United States v. Spearin
Headline: Court affirms contractor's recovery after government unlawfully canceled dry-dock contract, holding the government responsible for defective plans and sewer hazards and requiring payment for contractor losses.
Holding:
- Holds owners responsible for defects in plans they provide to contractors.
- Allows contractors who follow government specs to refuse unsafe work and keep recovery.

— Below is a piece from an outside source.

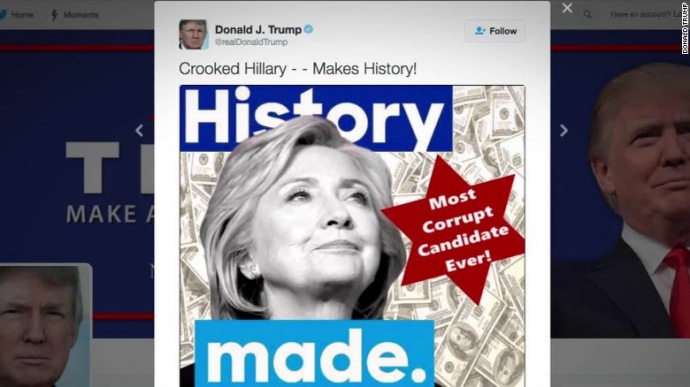 В соцсетях разразился скандал, из-за поста в twitter Дональда Трампа с изображением Хиллари Клинтон рядом со стодолларовыми купюрами и Звездой Давида и надписью "самый коррумпированный кандидат всех времен".

- Requires government to pay damages when it unlawfully cancels a construction contract.
Summary
Background
A private contractor agreed to build a dry-dock for the Navy using plans and specifications the Government supplied. The plans required relocating a 6-foot sewer, and the contractor followed those specifications. After relocation, a hidden obstruction (a dam) in a connected 7-foot city sewer caused water pressure that broke the new 6-foot sewer and flooded the excavation. The dam did not appear on the city’s or Government’s plans. The contractor had made only a superficial site check and had no specific knowledge of the dam. He warned the Government, who refused to accept responsibility; after fifteen months the Secretary of the Navy annulled the contract and finished the dry-dock under changed plans.
Reasoning
The central question was whether the Government could cancel the contract when its own plans proved defective. The Court explained that when an owner provides detailed plans and specifications, the contractor who follows them is not responsible for defects in those plans. The specific provision for the sewer amounted to an implied warranty the specified work would be adequate. General contract clauses requiring site checks did not shift that risk to the contractor. Because the Government repudiated responsibility and then annulled the contract without justification, it became liable for the contractor’s losses. The Court of Claims’ award, including anticipated profit, was upheld.
Real world impact
The decision means that government agencies and other owners who supply detailed plans can be held responsible if those plans are defective. Contractors who follow supplied specifications may refuse unsafe work and can recover damages if an owner wrongfully cancels the contract. The Court affirmed the monetary judgment awarded to the contractor for expenditures and lost profit.